В 1976 году ко мне в руки попали статьи вышедшей двумя годами ранее в журнале «Техника-молодежи» паровозной «Исторической серии», после чего я взялся за дело более основательно — стал регулярно бывать в депо Каменск-Уральский, где паровозы тогда ремонтировались, а также отслеживать их во время своих поездок по железной дороге. «Технику-молодежи» я после этого просматривал регулярно, 11-ый номер за 1978 год (с подборкой материалов на тему сохранения железнодорожных реликвий, которую открывала статья А. С. Никольского «Живая история стальных магистралей») прочитал своевременно (а вскоре сумел приобрести)…, и моя дальнейшая судьба оказалась решена. Сидеть без дела после этого я был уже не в состоянии, и, в принципе, стало ясно, что именно надо делать — искать редкие паровозы и содействовать их сохранению!
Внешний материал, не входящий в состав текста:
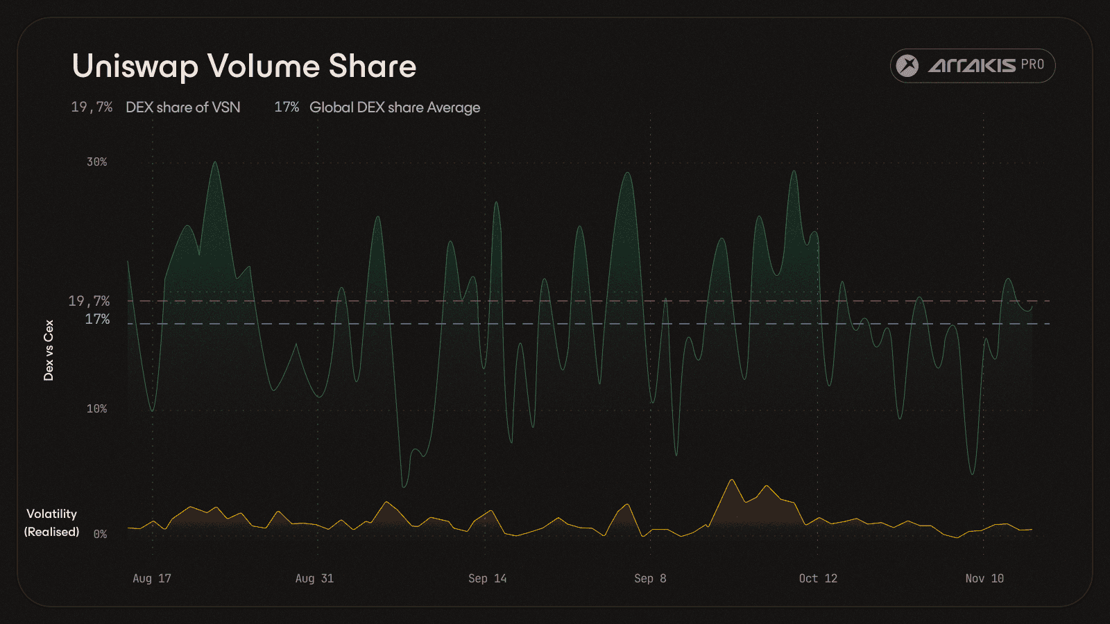 Uniswap captured ~20% of total VSN spot volume post-TGE, ahead of MEXC, KuCoin, and Kraken individually, proving onchain liquidity can compete with CEX listings when managed properly.

В марте 1979 года, во время школьных каникул, я поехал в гости к родственникам в г. Свердловск, где отправился прямиком в Управление Свердловской ж. д., чтобы узнать, где на дороге ещё есть паровозы редких серий. Встретили меня там более или менее нормально, однако результат оказался поистине обескураживающим: оказалось, что кроме того, что мне уже было знакомо по каменск-уральскому депо (и находящимся там же заводам), ничего другого в наличии нет.
Отмечу, кстати, что хотя на Свердловской ж. д. к тому времени в поездной работе паровозы уже были полностью заменены локомотивами современных типов, кое-где они еще продолжали использоваться на маневрах, для хозяйственных нужд (промывка вагонов, экипировка углем пассажирских составов), в качестве временных котельных и т. п. Подавляющее же их число тогда находилось в «стратегическом резерве» (ликвидация которого началась позднее — в начале девяностых и по сути остаётся не доведенной до конца по сей день), однако речь при этом шла лишь об относительно распространенных и нестарых грузовых локомотивах серий ФД, ЛВ, Л, Эу, Эм, Эр и промышленных 9П.
В Свердловске тогда я заодно посетил ещё целый ряд организаций — «Промжелдортранс», «Уралруда», «Уралчермет»… Все они в то время еще продолжали использовать паровозы, однако не сильно отличавшиеся от тех, которые имелись на Свердловской ж. д. (самым уникальным локомотивом, который мне тогда удалось выявить, был Э постройки 1913 года).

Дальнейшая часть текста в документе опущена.